Después de disfrutar una suculenta cena y un buen vino importado, los camareros recogen los cubiertos de la mesa de Masseria para que pueda jugar a las cartas con su mano derecha, Charlie “Lucky” Luciano, mientras los guardaespaldas toman café (para ellos, nada de alcohol, pues están ahí para proteger la vida de su jefe).

En la misma mesa de Masseria y Luciano están Sam Pollaccia, el consigliere de la organización, y Vincent Mangano, de cuyo sonoro apodo el «Ejecutor» podemos deducir unas cuantas cosas. Laa partida de naipes se alarga mientras el resto de clientes va abandonando el restaurante.

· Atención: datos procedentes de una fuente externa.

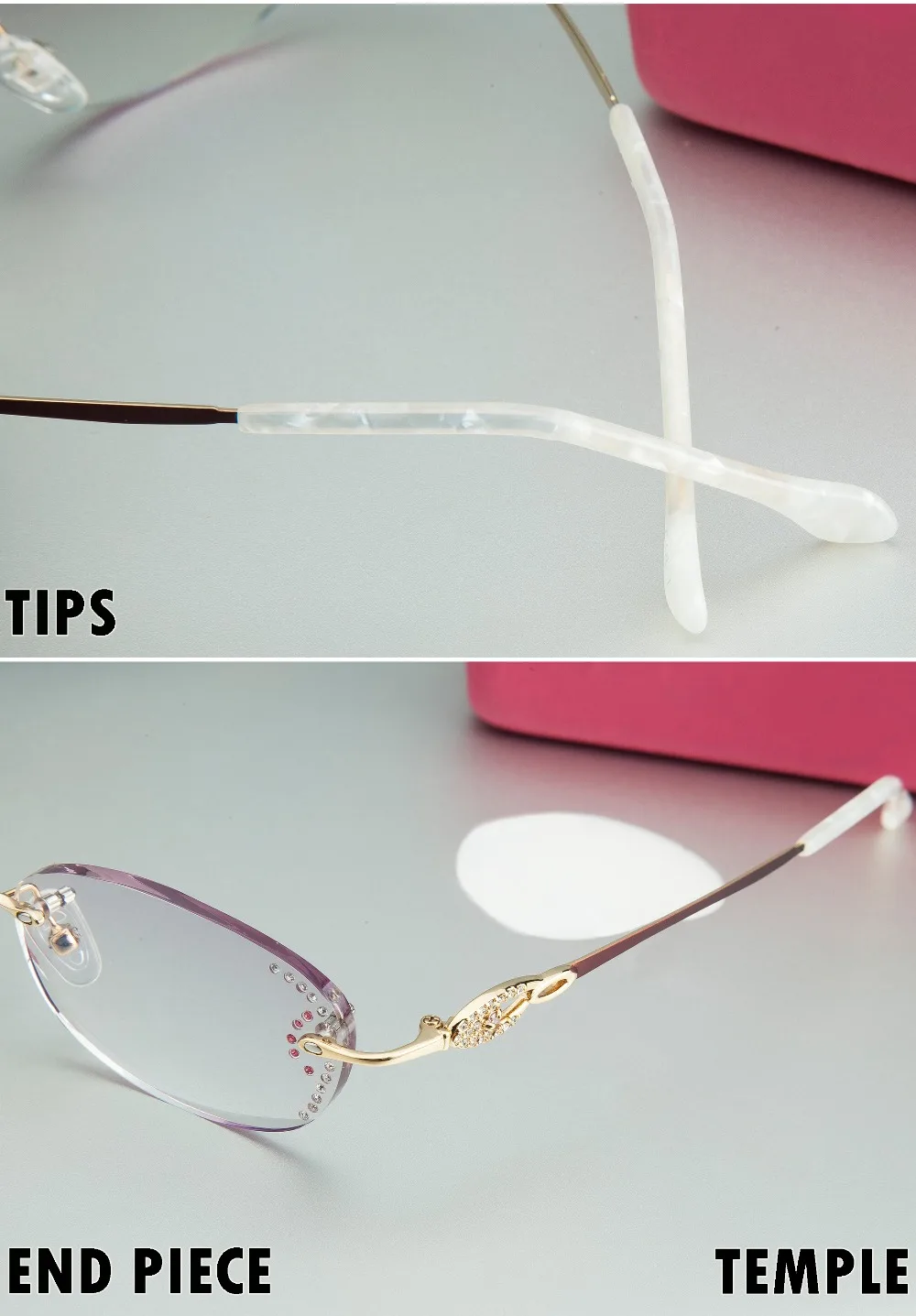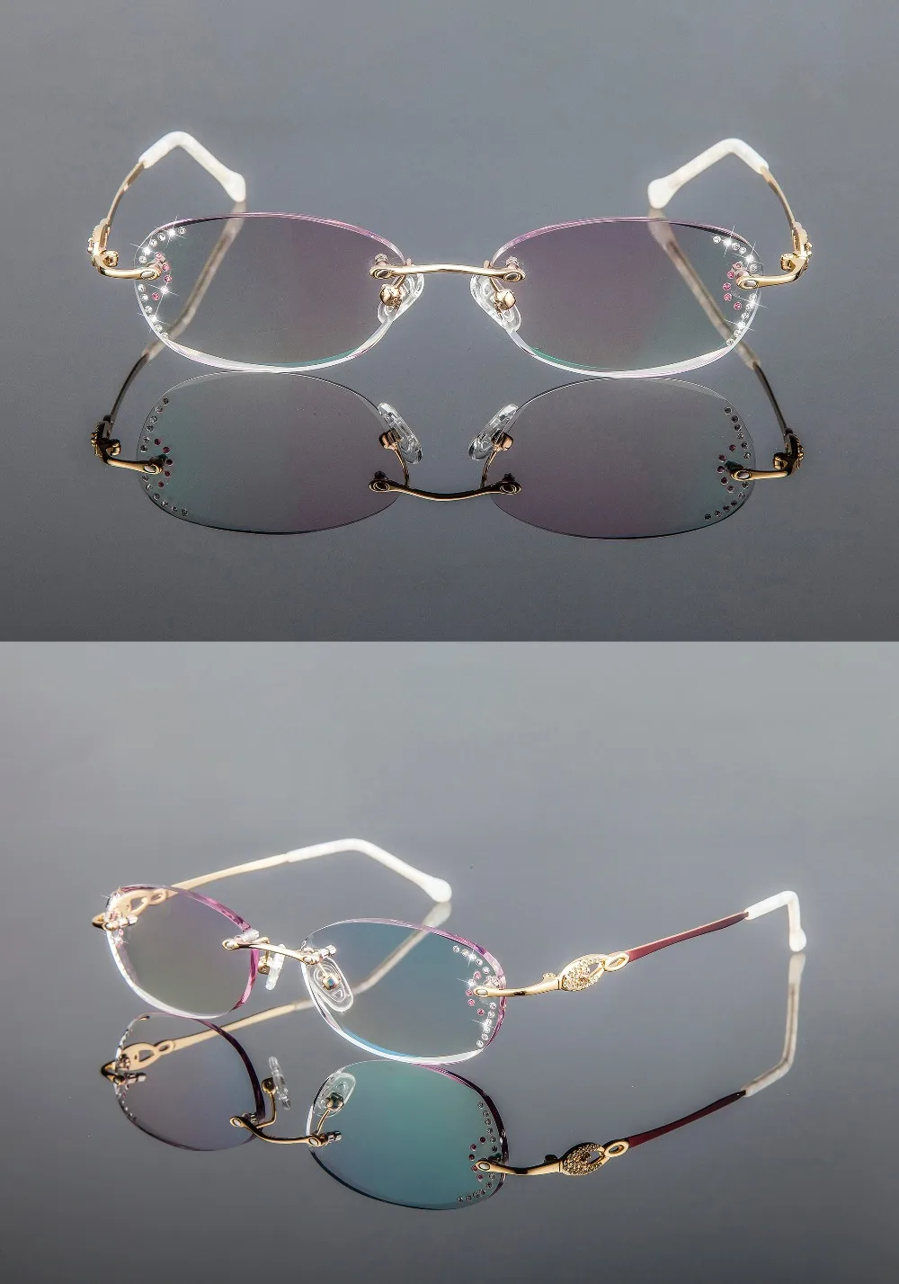 These exquisite glasses are crafted from high-quality titanium, which is not only strong but also lightweight. This means you can wear them throughout the day without discomfort. Additionally, the lenses are made from diamond cut 1.61 Index MR-8 tinted material, offering a unique and fashionable flair while ensuring clarity of vision. With a 0 diopter rating, they are perfect for those who need a stylish accessory rather than prescription lenses.

Mangano y Pollaccia se retiran a casa.

“Es tarde” o “mi mujer me espera” son las excusas previsibles para abandonar la partida. Al final, en la tranquila penumbra, acompañados solamente por los empleados y los guardaespaldas, Joe Masseria y Charlie Luciano quedan jugando mano a mano. Parece el final típico de una de tantas noches entre mafiosos.

En un momento dado, Luciano se excusa también: necesita levantarse para ir al servicio. Masseria asiente y su lugarteniente se pone en pie y camina hacia los lavabos.

Joe Masseria
El Jefe: Giusseppe «Joe» Masseria.

Todo lo que va a suceder a continuación, sucederá rápido, en pocos instantes.

Cuando “Lucky” Luciano ya está en el servicio, varios hombres atraviesan la puerta del restaurante.

Su actitud y sus zancadas, decididas y rápidas, no dejan mucho lugar a dudas.

Joe Masseria es un mafioso curtido y percibe de inmediato la naturaleza de la situación. Aquellos hombres han entrado para matar a alguien.

Ha de ser alguien importante, un objetivo difícil que justifique enviar a cuatro pistoleros de golpe. Masseria sabe que en el restaurante sólo hay un objetivo que merezca tanto despliegue: él mismo.

A su pensamiento, sin duda, acude la guerra que lleva librando contra Salvatore Maranzano desde hace meses.

Masseria gira la cabeza hacia la mesa de sus guardaespaldas, esperando ver cómo se ponen en pie para abortar el golpe. Pero, ¡sorpresa! Sus guardaespaldas ya no están allí.

En unas décimas de segundo, suponemos, debe de haberlo comprendido todo. Cuando vuelve a mirar a los asaltantes, ve que sus caras resultan familiares. No son hombres de Maranzano. Son hombres de su propia organización: Vito GenoveseJoe Adonis y el mercenario Albert Anastasia.

Pero aún hay más. La cara de Masseria debió de expresar un total asombro cuando vio quién comandaba el grupo de asaltantes: Benjamin Siegel —al que el mundo conocerá más tarde como “Bugsy”— uno de aquellos gangsters judíos con los que Charlie Luciano mantenía una estrecha amistad desde sus años adolescentes. Aquellos mismos judíos, por cierto, de quienes Masseria le había ordenado alejarse.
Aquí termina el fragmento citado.